The VulnApocalypse is already underway. Research from Nicholas Carlini at UnPrompted 2025, MOAK.AI, and AISLE demonstrates that current-generation models already provide real offensive uplift. Mythos is a step-change beyond that — and eleven organizations already have access to it. This project tracks how fast unrestricted models are closing in.

CISO Response

The same convergence that makes offensive capability more accessible also makes defensive capability cheaper — open-weight models that reach 90%+ SWE capability let enterprises self-host autonomous remediation without sending proprietary code to third-party APIs. The resources below are where the practitioner community is coordinating the response.

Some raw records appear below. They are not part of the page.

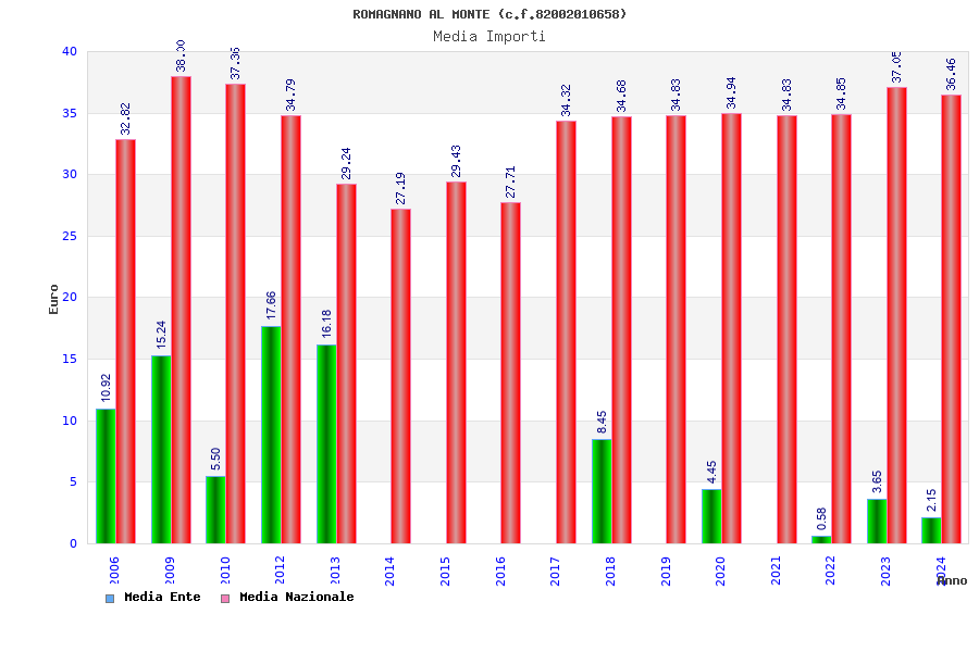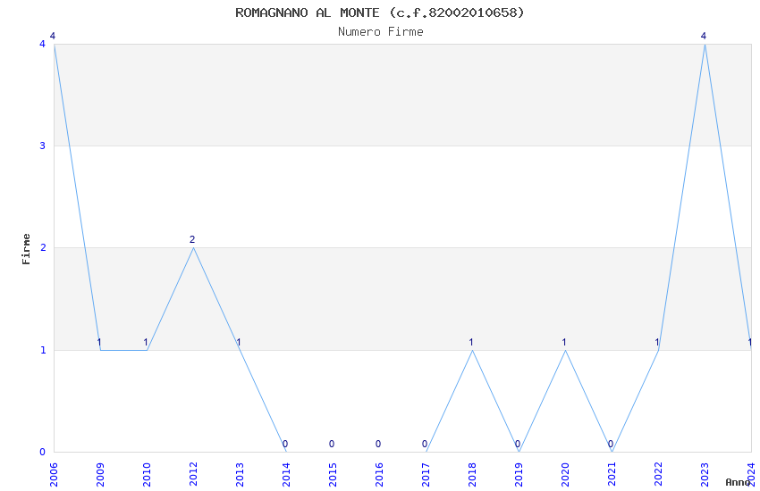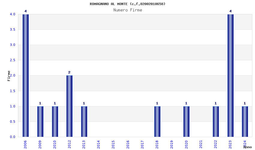| Anno | Firme | Importi | Media | Naz. | Reg. | Prov. | Comu. |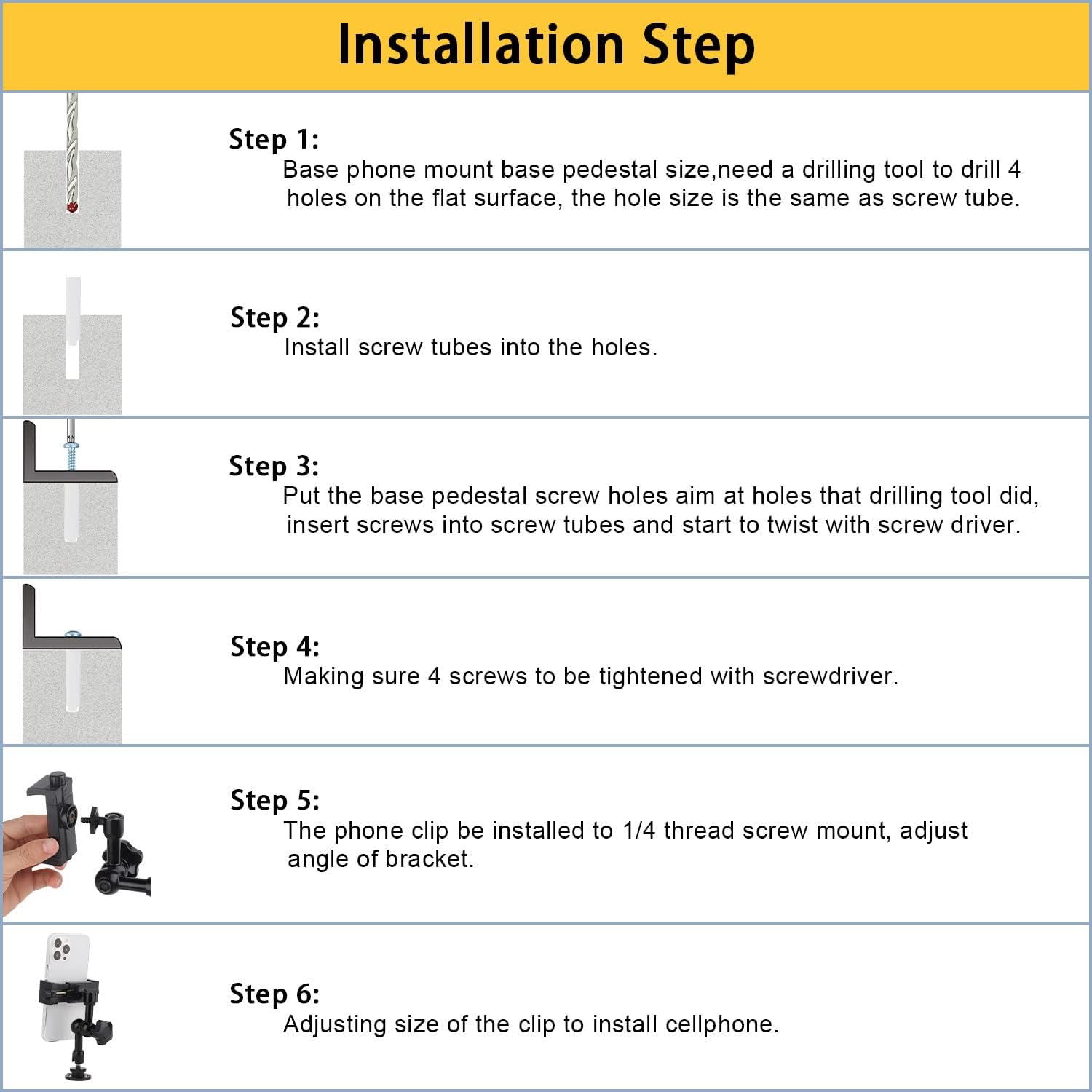 - 【Warm Reminder】: Package including one phone mount, one phone clip and screw parts. Any question with our product, please feel free to contact us and provide best solution for you.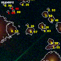Black segments are analyzed here. Roll mouse over color images to view segments. Best viewed in a wide browser window (1200 pixels or more). Download SED & P(z) plots to view larger versions.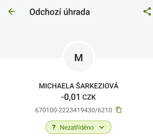 Poslat zprávupřidal/a skutečné jméno majitele účtu: Michaela Šarkeziová k bankovnímu účtu: 670100-2223419430/6210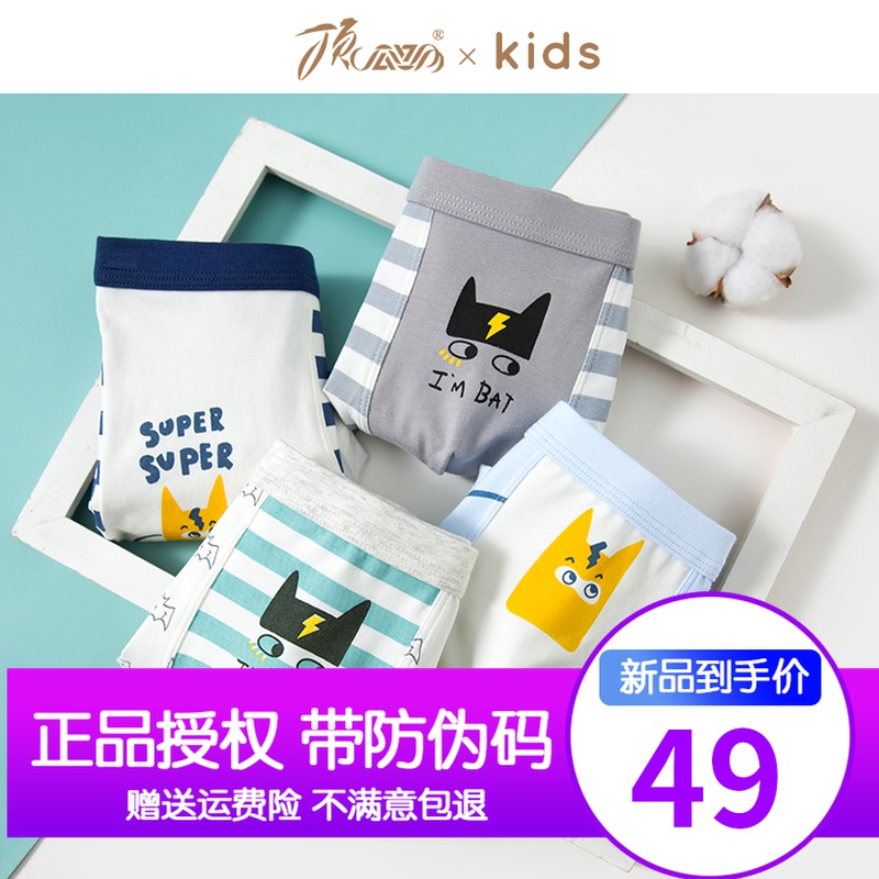 【产品名称:顶呱呱儿童内裤男平角纯棉男孩卡通四角裤中大童男童短裤12-15岁】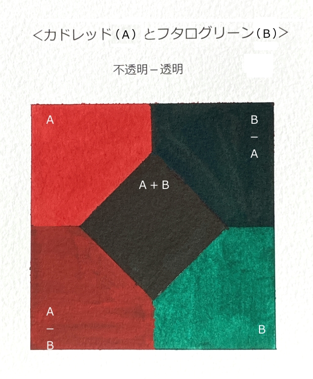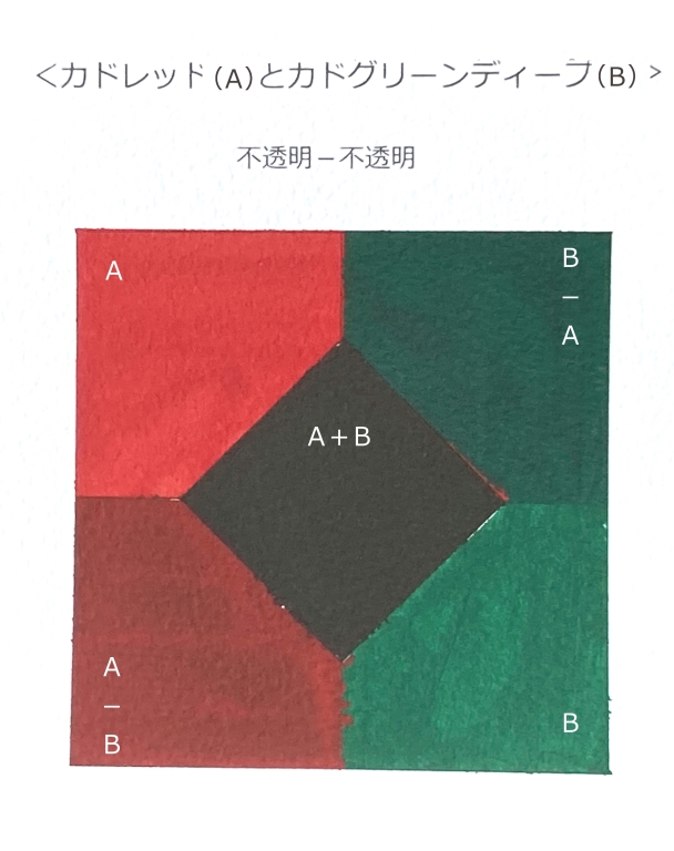 さてここで、①不透明色同士の塗り重ね、②不透明色と透明色の塗り重ね、③透明色同士の塗り重ねについて、どの様になるか示した資料をお目にかけたい。1つめはカドレッド(A)とカドグリーンディープ(B)の不透明色同士を対角に配置し、真ん中にこの2色を混色した場合にできる色を塗った。2色が補色関係にある事から、暗いグレーができる。右上の部分は(A)の上に(B)を塗り重ねたもの、左下は逆に(B)の上に(A)を塗り重ねたものである。不透明色とはいえ、完全に不透明というわけではないので、それぞれ塗り重なった部分は下地の影響を受けて暗くはなっているが、基本、緑は緑、赤は赤という具合に見える。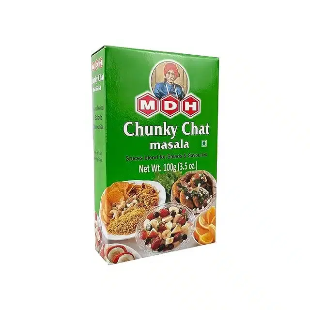 Product Description MDH Chunky Chat Masala is spice mix for salads. Chat Masala is a necessary seasoning in Indian cuisine. This alluring tart, spicy, peppery and salty mix of spices is used to improve the flavor of all from fruits to flavorful snacks. It is a blend of salt, black salt, cumin, dry mango powder, pomegranate seeds, coriander, black pepper, nutmeg, mint leaves and extra spices.
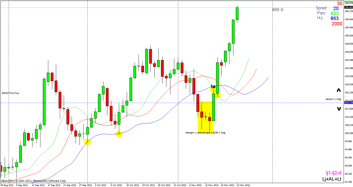После коррекции, и сформировав внизу пинцет, (другие аналитики определяют эти свечи как - дожи+высокая волна с подтверждением) цена устремилась в рост и до текущего времени разворотных сигналов не появлялись. Правда цена подошла к сильному сопротивлению расположенную на 106,68 которая вполне сможет заставить пару сбавить ход или даже перейти на пару дней к коррекции Д1

How We Measure — the benchmarks, projection methods, confidence intervals, and what we deliberately don’t control for.

Forward projections fit logistic growth with linear fallback on the leading-edge (best-so-far) trajectory of non-restricted models. 95% bootstrap CIs from 1,000 resamples. All-model regression reported as cross-check. Probability = fraction of bootstrap draws projecting parity on or before Dec 31, 2026; combined = product of independent pillar probabilities.